Quando tal fato aconteceu eu trabalhava nos Correios, cuja agência ficava ali no bairro da Lapa, zona oeste de São Paulo. No intervalo da janta, para evitar papo furado e comentários supérfluos, eu optava por me refugiar no interior de uma igreja que havia ali próximo. Rezava um pouco e aproveitava para ler um bom livro. Depois da primeira semana frequentando diariamente aquele ambiente tranquilo e silencioso, certa ocasião, o sacristão que passava sempre por ali, como se estivesse me vigiando, pediu-me para que não colocasse os pés no genuflexório. Ele tinha razão. Aquele local era para por os joelhos. Sendo assim atendi-o sem maiores recriminações. Nos dias seguintes percebi que aquele funcionário da igreja continuava me observando, ‘filmando’ até que, certo dia, ele não resistiu e atrapalhou a minha leitura, falando:

- “Aqui não é lugar para passar o tempo não!”.

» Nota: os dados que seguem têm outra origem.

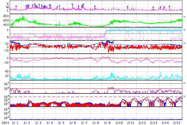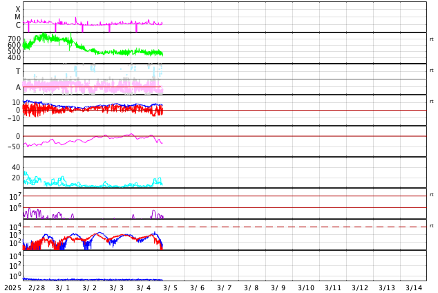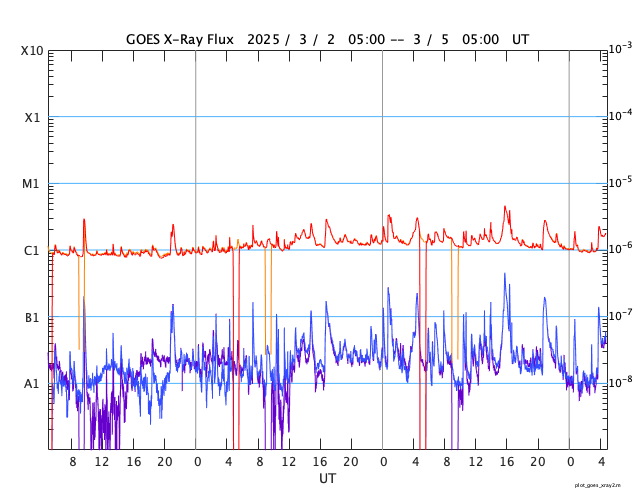 GOES衛星の太陽X線強度。赤・橙 = 0.1〜0.8 nm、青・紫 = 0.05〜0.4 nm (c) データ:NOAA/SWPC、作図:宇宙天気ニュース ![]() | ||||||||||||||||||||||||||||||||||||||||||||||||||||||||||||||||||||||||||||||||||||||||||||||||||||||||||||||||||||||||||||||||||||||||||||||||||||||||||||||||||||||||||||||||||||||||||||||||||||||||||||||||||||||||||||||||||||||||||||||||||||||||||||||||||||||||

Achando que aquele foi um grande acinte, argumentei:

- Você está querendo dizer que eu tenho que sair daqui? – perguntei.

-“Entenda como quiser; estou apenas avisando”.

- Posso saber se tem algum padre nesta igreja?

-“Tem e ele está lá na sacristia”.

- Posso falar com ele? – perguntei.

- “Só se for agora”.

Em seguida acompanhei o antipático sacristão e logo fui atendido por um sacerdote muito educado. Após ouvir a minha queixa e tomar conhecimento de que eu era um ex-seminarista, apenas pediu para examinar o que eu estava lendo.

Entreguei o livro CONSTRUIR O HOMEM E O MUNDO de Michael Quoist. Balançando a cabeça afirmativamente deu para entender que ele gostara do título da obra. E em seguida falou:

- Realmente dá para perceber que você tem bom gosto e o nosso sacristão está equivocado com relação à sua pessoa. Espero que você compreenda a preocupação dele. Explico: há poucas semanas a nossa igreja aqui foi vítima de um assalto. E como ele foi abordado pelo meliante, obviamente, ficou traumatizado e agora passa a desconfiar sempre de pessoas que frequentam o nosso ambiente fora do horário das missas, assim como no seu caso, infelizmente.

- Posso saber se já aconteceu isto outras vezes, padre?

- Sim, mas não chegou ao ponto da pessoa agir como você, ou seja, pedir para vir falar comigo.

- O senhor há de convir de que “quem não deve não teme”, concorda?

- Sem dúvida, jovem.

- Boa tarde e a sua bênção!

- Boa tarde e que Deus o abençoe e o acompanhe!

- Amém.

Por pura coincidência, logo após este fato desagradável, fui transferido daquela agência postal e, consequentemente, não precisei mais “passar o tempo” no interior daquela igreja, deixando de assustar um sacristão traumatizado por assalto.